Dr Duncan McIntosh, PPOA Project Manager at the Secretariat of the Pacific Regional Environment Programme 

The project’s pilot sites are in Fiji, Kiribati and Tokelau and activities focus on research and monitoring, capacity-building and awareness-raising, policy support and implementing practical adaptation actions. Financial support is provided by the New Zealand Ministry of Foreign Affairs and Trade and the Principality of Monaco.

The issue

Small island developing states (SIDS), such as nations in the Pacific Island region, are highly exposed to the impacts of climate change and ocean acidification, given their close proximity to the marine environment and their reliance on marine resources for livelihoods and infrastructure.
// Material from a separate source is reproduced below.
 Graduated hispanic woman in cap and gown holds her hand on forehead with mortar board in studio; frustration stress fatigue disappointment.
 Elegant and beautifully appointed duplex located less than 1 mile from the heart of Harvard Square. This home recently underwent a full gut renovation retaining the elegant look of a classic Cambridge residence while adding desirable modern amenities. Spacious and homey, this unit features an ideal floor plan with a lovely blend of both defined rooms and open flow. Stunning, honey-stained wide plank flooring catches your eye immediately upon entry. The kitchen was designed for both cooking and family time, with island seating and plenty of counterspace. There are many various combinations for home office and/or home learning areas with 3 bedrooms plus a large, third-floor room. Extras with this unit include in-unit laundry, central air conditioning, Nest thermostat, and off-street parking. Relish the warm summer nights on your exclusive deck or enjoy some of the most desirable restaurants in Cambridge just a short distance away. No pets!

In particular, the Pacific Islands are especially vulnerable to the effects of ocean acidification. For example, as the ocean acidifies it becomes more difficult for coral reefs to calcify, resulting in net dissolution. As the coral structure erodes, the reef becomes a less effective force against wave and storm erosion, and it is harder to keep up with sea level rise. 
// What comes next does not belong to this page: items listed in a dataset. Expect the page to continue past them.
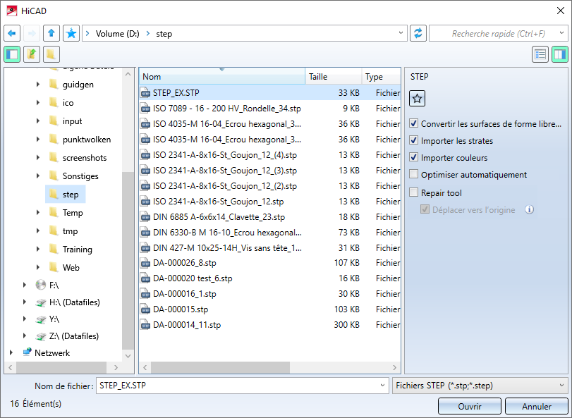 Après avoir lancé la fonction, sélectionnez d'abord en bas à droite le type de fichier STEP (*.stp, *.step), puis le fichier STEP que vous souhaitez ouvrir.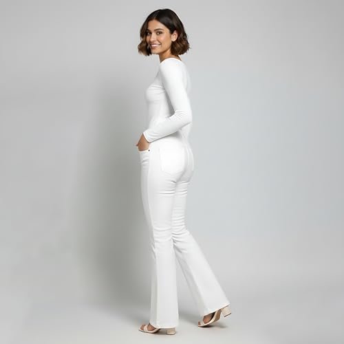 YesTen Women’s White Lycra Denim Bell Bottom Jeans – Stretchable Bootcut Fit, Stylish Casual Wear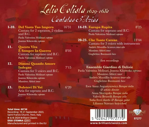 Artist | Joanna Klisowska | Ensemble Giardino Di Delizie | Ewa Anna Augustynowicz | Lelio Colista | Paola Valentina Molinari | Massimo Altieri | Andres Montilla | Guglielmo Buonsanti |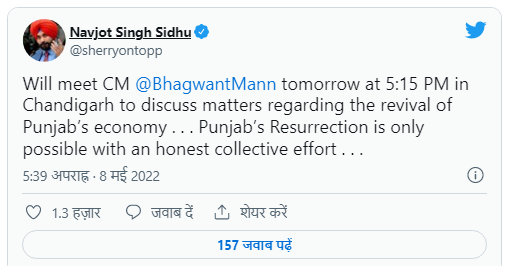 जिसके बाद कहा जा रहा है कि नवजोत सिंह सिद्धू एक बार फिर पाला बदल सकते हैं. इसी बीच अब सिद्धू सोमवार 9 मई को पंजाब के सीएम भगवंत मान से मुलाकात करने जा रहे हैं. उन्होंने खुद ट्विटर पर इस बात की जानकारी दी है.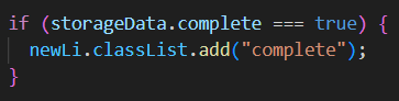 storageData에 complete정보가 true라면 newLi에 "complete"를 추가한다.

In addition, the tourism infrastructure and fisheries industries in the Pacific Islands rely heavily on healthy coral reefs. Therefore, the impacts of ocean acidification in the region strongly affect community resilience and economic well-being.

The response

The Pacific Partnership on Ocean Acidification (PPOA) was created to address needs identified during the Third UN SIDS Conference in Apia, Samoa, in 2014 following the International Workshop on Ocean Acidification: State-of-the-Science Considerations for SIDS, cohosted by New Zealand and the USA.

The project identified three main areas of focus: Research and Monitoring; Capacity-Building and Awareness-Raising; and Practical Adaptation Actions. The Research and Monitoring component focuses on establishing ecological baselines, supporting ocean acidification monitoring and conducting vulnerability assessments. The Capacity-Building and Awareness-Raising component builds the capacity of local communities to understand, monitor and adapt to ocean acidification and raise awareness through media production and distribution in order to develop effective coastal zone management.

Lastly, the Practical Adaptation Actions component includes working with communities to identify and implement stakeholder priorities for adaptation actions to enhance ecosystem resilience to ocean acidification. Adaptation actions include mangrove and seagrass restoration, coral restoration, locally managed marine areas and alternative livelihood opportunities.

Partnerships and support

Project partners include SPREP, USP, SPC and Pacific Island countries and territories. Funding partners are the Government of New Zealand (the New Zealand Ministry of Foreign Affairs and Trade) and the Principality of Monaco. The Ocean Foundation provided ocean acidification monitoring equipment and training, which SPREP is utilising as part of the PPOA project.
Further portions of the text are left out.